*** Opening of INPUT DATA ***
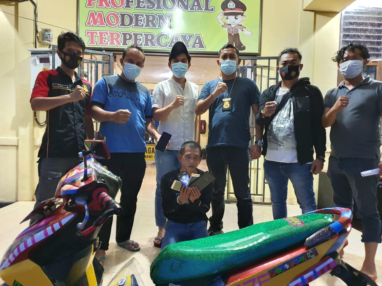 Diamenambahkan, timnya juga berhasil mengamankan barang bukti yang dicuri kedua pelaku yaitu, 5 unit handphone berbagai merk dan 1 unit sepeda motor merek yamaha mio.
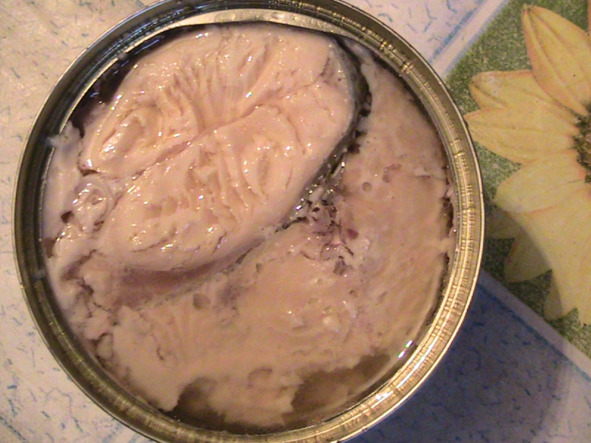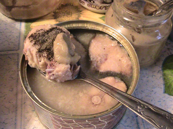 ЕСТЬ– с консервированной разламывая или целиком «окуная» в банку с рыбой: заливка рыбы солёная! Или в заливку в банку консервированного горошка.
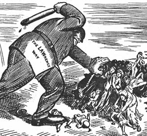 Once it became known that children were being sent away to live with other family members word got out across the country that the striking workers needed more solidarity. The famous reproductive rights champion, Margaret Sanger, even came to Lawrence to help with organizing the children who were put on trains. Children were leaving in groups of one hundred or more. This tactic of sending children away caught the attention of the factory owners and the local police who then began to harass the women and children who were going to the train station. It was in this context that led to the February 24, 1912 police repression, where parents and children arriving at the station were beaten with clubs, arrested and charges with “congregating.”
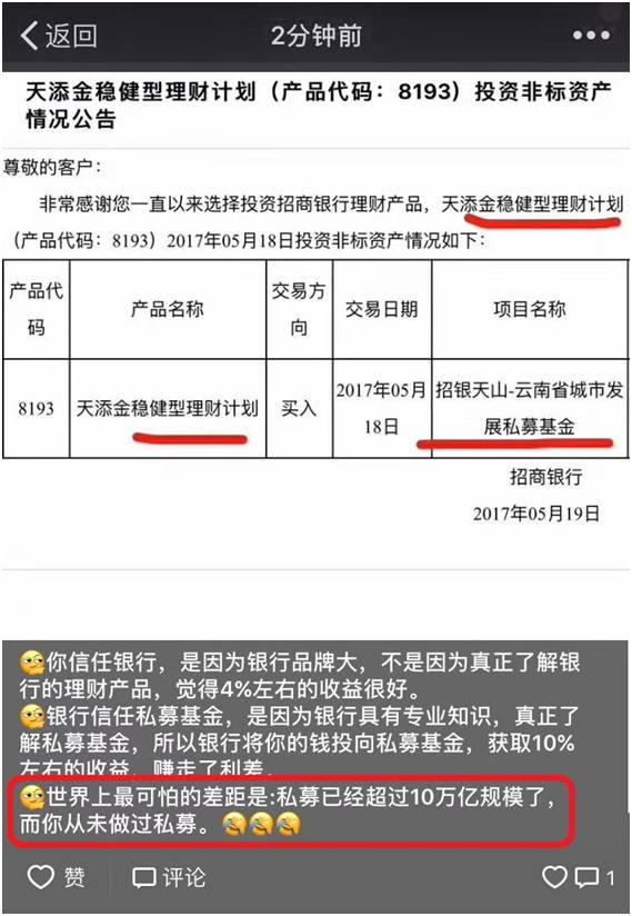仔细一看,原来这条朋友圈是介绍了招商银行的一款理财产品,该理财产品的投向是一只私募基金。
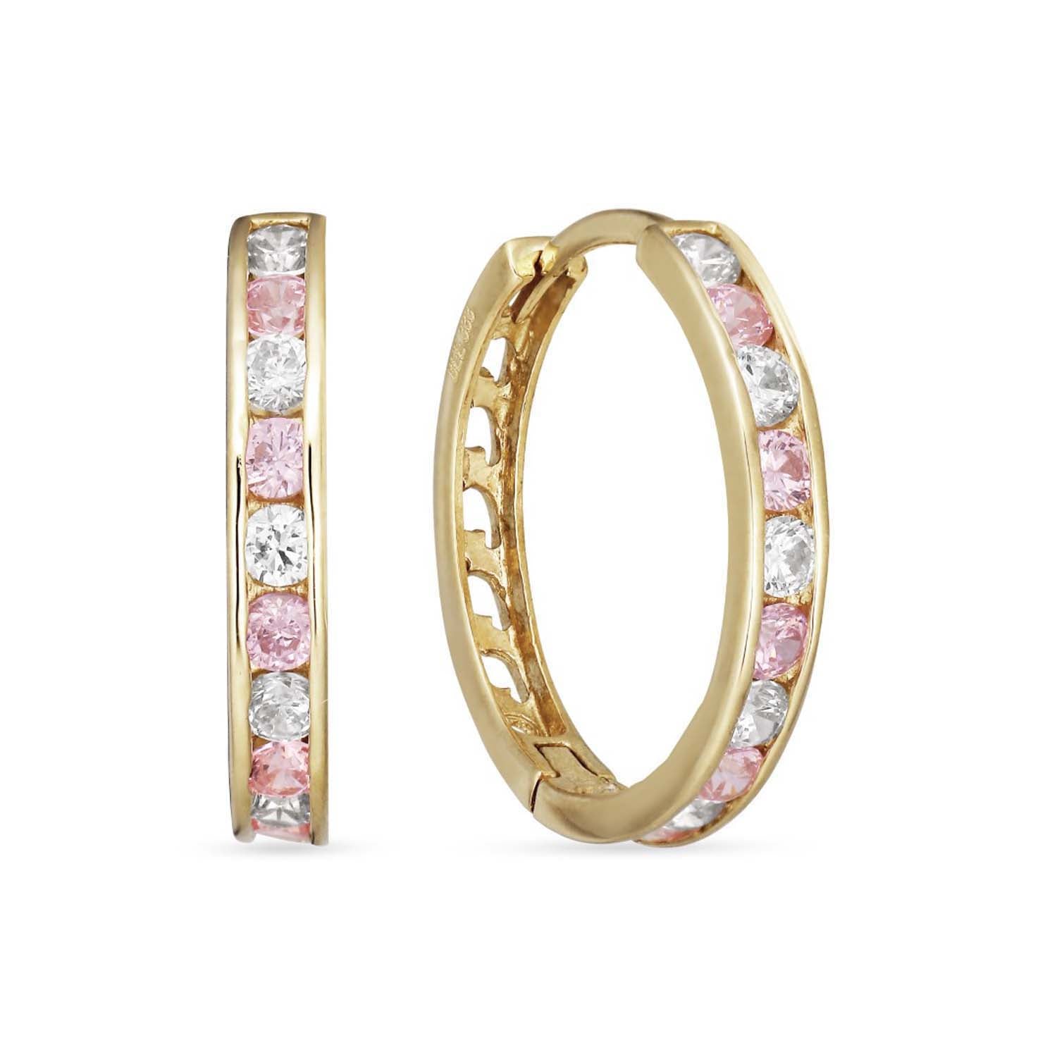 Aveny COLLECTION - Creoler m. pink/hvid zirkonia, Ø18mm - 8 kt. guld
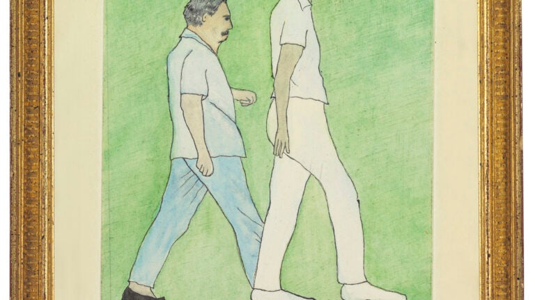 The painting depicts Radziwill walking with a Kennedy family friend.
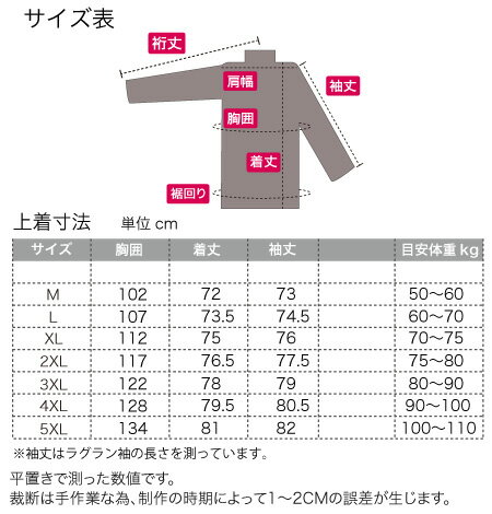 サイズ M L XL 2XL 3XL 4XL 5XL サイズスペック 胸囲 / 着丈 / 袖丈 /目安体重 ◆M (cm) :102 / 72 / 73 / 50〜60kg ◆L (cm) :107 / 73.5/ 74.5/ 60〜70kg ◆XL (cm):112 / 75 / 76 / 70〜75kg ◆2XL(cm):117 / 76.5/ 77.5/ 75〜80kg ◆3XL(cm):122 / 78 / 79 / 80〜90kg ◆4XL(cm):128 / 79.5/ 80.5/ 90〜100kg ◆5XL(cm):134 / 81 / 82 / 100〜110kg ※袖丈はラグラン袖の長さを測っています。
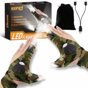 LED Rechargeable Flashlight Gloves Outdoor Fishing Gloves Tools Glove Lights Finger Unique Cool Gadgets Gifts Idea & Valentines Day Gifts Stocking Stuffers for Men, Him, Dad, Father, Husband
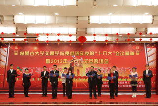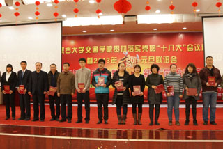 12月27日下午,學院在交通樓多功能廳舉辦2013年新年聯(lián)誼會暨工會表彰大會。我院黨委書記孫智憑,院長柴金義,常務副院長董平,副院長孫恒,副院長武鈞,黨委委員、科研處處長李宏,黨委委員、教務處處長趙志蒙出席表彰大會并為獲獎單位和個人頒獎。黨委副書記、紀委書記白托婭主持會議。全院200余名教職工參加了聯(lián)誼會。
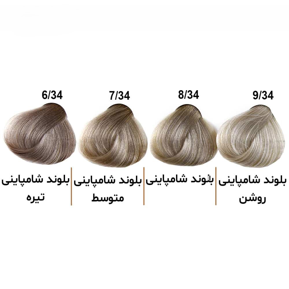6.34 بلوند شامپاینی تیره, 7.34 بلوند شامپاینی متوسط, 8.34 بلوند شامپاینی, 9.34 بلوند شامپاینی روشن
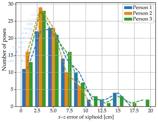 Frequency distribution of the localization error on the x–z plane of the xiphoid for the three people in the test set.
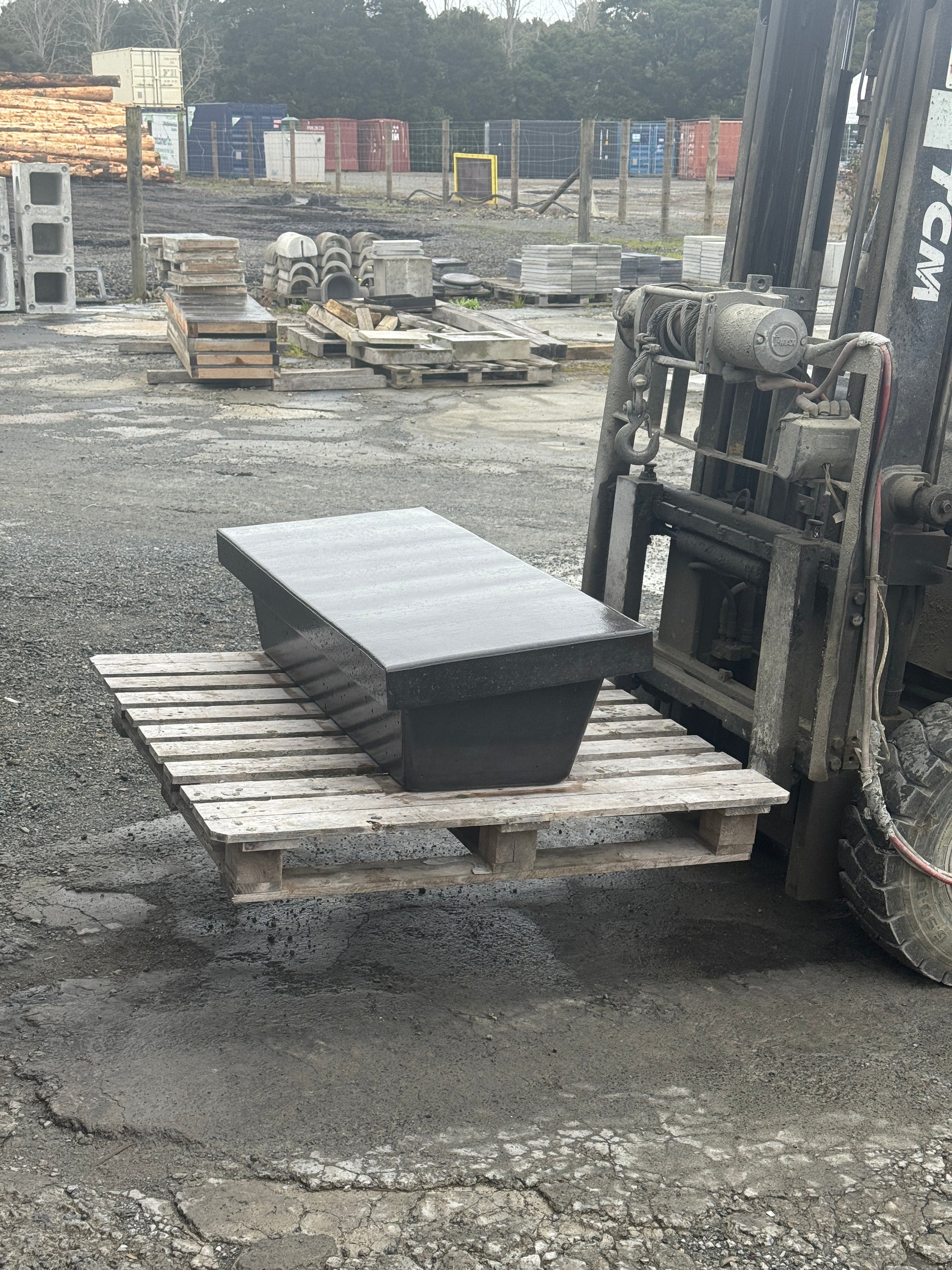 It is built of strong, resilient concrete with a glaze sealer which preserves the finish. A drain pipe is cast into the concrete to drain out any unwanted water.
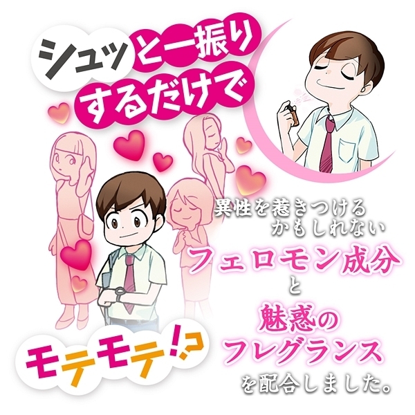 シュッと一吹きするだけで、異性に好かれるかもしれないエッチなフェロモンスプレーです♪異性を惹きつけるかもしれないフェロモン成分と魅惑のフレグランスを配合!これであっはんうっふん間違いなしかも♪本製品はジョークグッズです。
*** Close of INPUT DATA ***
• [ACTION ITEM]
Starting at the top of the listing above, reproduce each line up to and including the one with "LED Rechargeable Flashlight"; omit the pictures.

• [FINISHED EXERCISE]
 Diamenambahkan, timnya juga berhasil mengamankan barang bukti yang dicuri kedua pelaku yaitu, 5 unit handphone berbagai merk dan 1 unit sepeda motor merek yamaha mio.
 ЕСТЬ– с консервированной разламывая или целиком «окуная» в банку с рыбой: заливка рыбы солёная! Или в заливку в банку консервированного горошка.
 Once it became known that children were being sent away to live with other family members word got out across the country that the striking workers needed more solidarity. The famous reproductive rights champion, Margaret Sanger, even came to Lawrence to help with organizing the children who were put on trains. Children were leaving in groups of one hundred or more. This tactic of sending children away caught the attention of the factory owners and the local police who then began to harass the women and children who were going to the train station. It was in this context that led to the February 24, 1912 police repression, where parents and children arriving at the station were beaten with clubs, arrested and charges with “congregating.”
仔细一看,原来这条朋友圈是介绍了招商银行的一款理财产品,该理财产品的投向是一只私募基金。
 Aveny COLLECTION - Creoler m. pink/hvid zirkonia, Ø18mm - 8 kt. guld
 The painting depicts Radziwill walking with a Kennedy family friend.
 サイズ M L XL 2XL 3XL 4XL 5XL サイズスペック 胸囲 / 着丈 / 袖丈 /目安体重 ◆M (cm) :102 / 72 / 73 / 50〜60kg ◆L (cm) :107 / 73.5/ 74.5/ 60〜70kg ◆XL (cm):112 / 75 / 76 / 70〜75kg ◆2XL(cm):117 / 76.5/ 77.5/ 75〜80kg ◆3XL(cm):122 / 78 / 79 / 80〜90kg ◆4XL(cm):128 / 79.5/ 80.5/ 90〜100kg ◆5XL(cm):134 / 81 / 82 / 100〜110kg ※袖丈はラグラン袖の長さを測っています。
 LED Rechargeable Flashlight Gloves Outdoor Fishing Gloves Tools Glove Lights Finger Unique Cool Gadgets Gifts Idea & Valentines Day Gifts Stocking Stuffers for Men, Him, Dad, Father, Husband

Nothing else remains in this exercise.